従業員約30人で事業を支える今野製作所。リーマンショックの打撃で売り上げが激減、窮地に立たされた。業績回復に向け取り組んだのは特注品製造の強化。しかし、そのためには生産工程の合理化が必須だった。そこで、SIに頼らず自力で基幹システムの開発に乗り出した。

» 2019年09月04日 08時00分 公開
[土肥正弘ドキュメント工房]

 板金加工や油圧機器の分野で約60年の歴史を持つ今野製作所は、2008年のリーマンショックで受注数が大幅に落ち込んだ。これを機に、個別生産にまつわる複雑な業務プロセスを見直し、自力で開発した生産管理システムにより業務を合理化することで生産性を大きく向上させ、2019年には過去最大の収益を上げるV字回復を果たした。

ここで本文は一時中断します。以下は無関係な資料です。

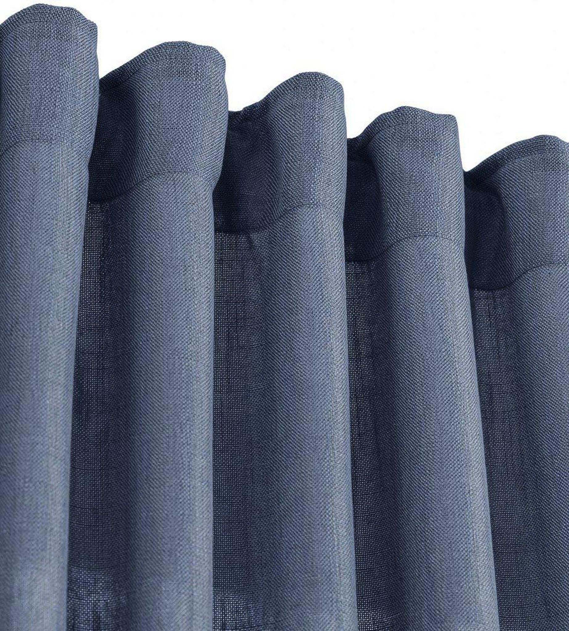 Gardinkappan har multiband så du kan välja hur du vill hänga den — med fingerkrokar, räkor eller direkt på en stång — vilket ger dig flexibilitet att skapa den look du vill ha. Tygets tvättade känsla bidrar till en avslappnad stämning och fungerar väl i både vardagsrum och kök.

 開発エンジニアもスキルもない町工場が、なぜここまでできたのか。業績回復に至るIT整備の道筋を取材した。

売り上げ激減、量産中心から特注品受注の強化へ

 今野製作所は、1970年代に世界レベルで普及したイーグル油圧爪付きジャッキを開発する東京の下町工場だ。1961年に東京都の足立区で初代社長が板金加工業者として創業、後に油圧機器製造事業で成長し、福島県に工場を、大阪に営業所を設置するまでになり、全国に事業を拡大した。

今野製作所 今野浩好氏

 そして1996年に今野浩好氏(同社現代表取締役)が入社、以降「伝票発行機」と化していた旧式オフコンをリプレースし、販売管理のパッケージシステムを導入したりメール環境を整えたりするなど社内のIT化を推進してきた。

 そんな同社に創業以来の大ピンチが訪れたのは2008年のこと。リーマンショックにより受注が前年比43%に激減、売り上げも6億3400万円から3億5900万円へと急落した。当時の従業員数は32人。最低限の人数で会社を運営していたため、人員をこれ以上削減するわけにもいかなかった。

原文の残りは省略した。